(Recorded data)
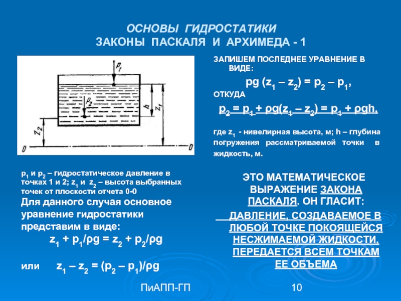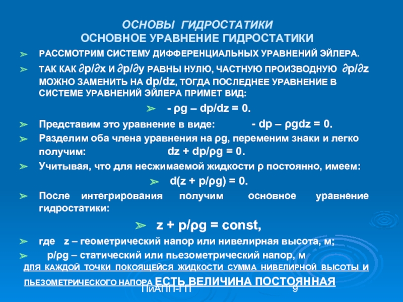 ОСНОВНОЕ УРАВНЕНИЕ ГИДРОСТАТИКИ
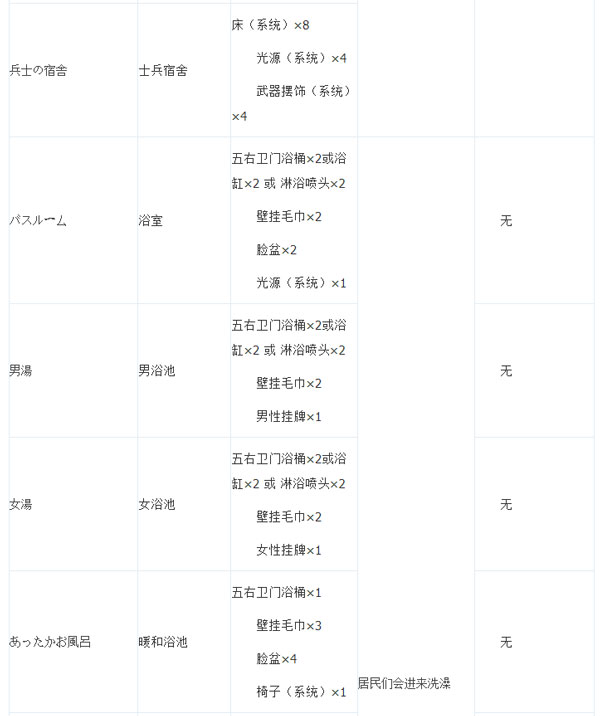 7、乡村山庄:床铺8、照明4、农具装饰4、柴薪4。
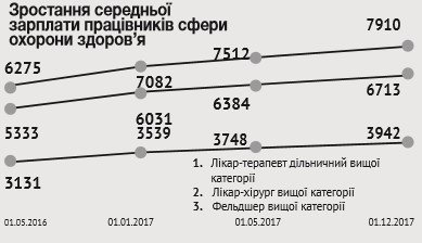 Зарплату медикам у 2017 році обіцяють збільшити на 20%. Із 1 січня зарплата хірурга вищої категорії становитиме 6 031 гривню, а з 1 грудня 2017 виросте до 6 713 грн.
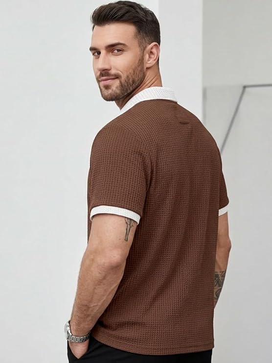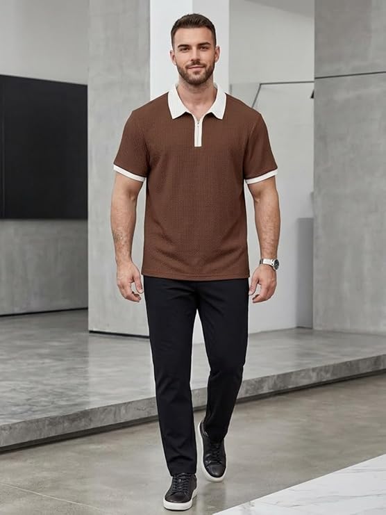 • PREMIUM DESIGN: Waffle knit textured polo t-shirt featuring a modern zip collar and contrasting white trim details for a sophisticated look
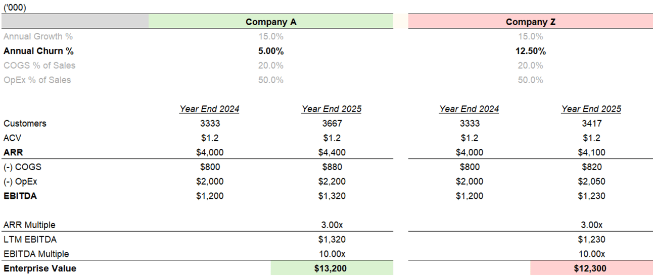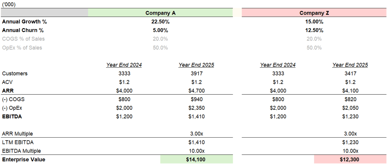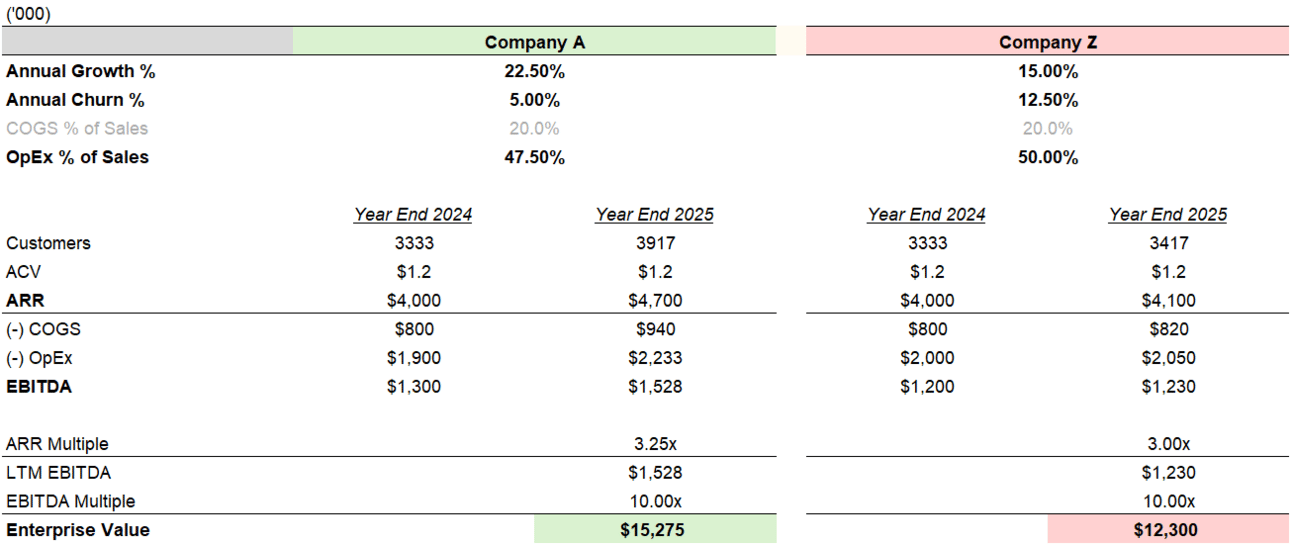 Same two businesses as before. This time, Company A implements infrastructure optimization and automates customer service requests, building on its existing retention and expansion tactics. Company Z still does nothing. By year-end, Company A’s EBITDA is about $300k higher than Company Z’s, and its enterprise value is ~$3M greater.

*The task*
Set down word for word every line from the one containing "a sophisticated look" through the last line of the records above, both ends included. Leave out the pictures.

*Output for this task*
 • PREMIUM DESIGN: Waffle knit textured polo t-shirt featuring a modern zip collar and contrasting white trim details for a sophisticated look
 Same two businesses as before. This time, Company A implements infrastructure optimization and automates customer service requests, building on its existing retention and expansion tactics. Company Z still does nothing. By year-end, Company A’s EBITDA is about $300k higher than Company Z’s, and its enterprise value is ~$3M greater.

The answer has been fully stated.